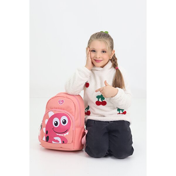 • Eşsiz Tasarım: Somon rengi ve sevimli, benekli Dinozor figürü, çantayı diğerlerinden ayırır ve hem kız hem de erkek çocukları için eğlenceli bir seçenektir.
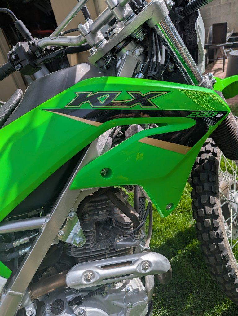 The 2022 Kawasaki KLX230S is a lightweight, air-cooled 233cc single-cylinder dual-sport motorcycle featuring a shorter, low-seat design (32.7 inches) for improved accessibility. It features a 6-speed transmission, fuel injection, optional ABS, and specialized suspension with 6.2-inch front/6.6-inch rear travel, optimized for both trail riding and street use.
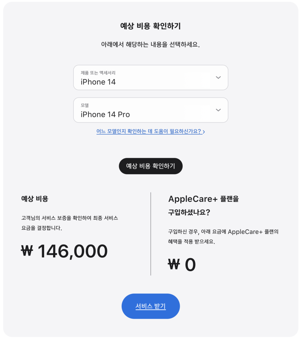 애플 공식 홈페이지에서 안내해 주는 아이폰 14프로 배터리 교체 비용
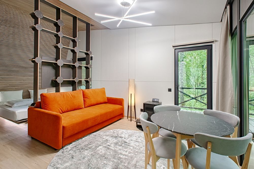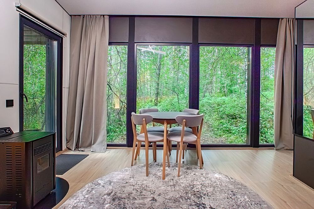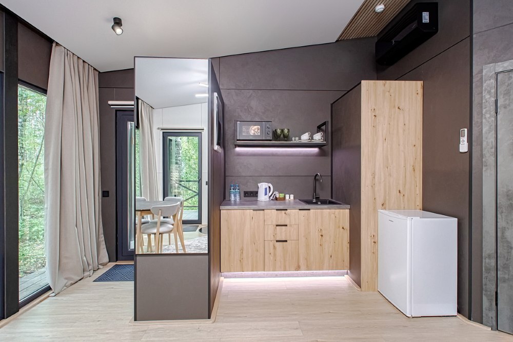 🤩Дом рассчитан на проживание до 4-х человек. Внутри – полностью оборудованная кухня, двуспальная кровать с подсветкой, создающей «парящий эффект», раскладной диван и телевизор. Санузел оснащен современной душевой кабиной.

————

_ABOUT THIS TASK_.
Copy all of the material word for word, and include none of its pictures.

_WORKED SOLUTION_.
 • Eşsiz Tasarım: Somon rengi ve sevimli, benekli Dinozor figürü, çantayı diğerlerinden ayırır ve hem kız hem de erkek çocukları için eğlenceli bir seçenektir.
 The 2022 Kawasaki KLX230S is a lightweight, air-cooled 233cc single-cylinder dual-sport motorcycle featuring a shorter, low-seat design (32.7 inches) for improved accessibility. It features a 6-speed transmission, fuel injection, optional ABS, and specialized suspension with 6.2-inch front/6.6-inch rear travel, optimized for both trail riding and street use.
 애플 공식 홈페이지에서 안내해 주는 아이폰 14프로 배터리 교체 비용
 🤩Дом рассчитан на проживание до 4-х человек. Внутри – полностью оборудованная кухня, двуспальная кровать с подсветкой, создающей «парящий эффект», раскладной диван и телевизор. Санузел оснащен современной душевой кабиной.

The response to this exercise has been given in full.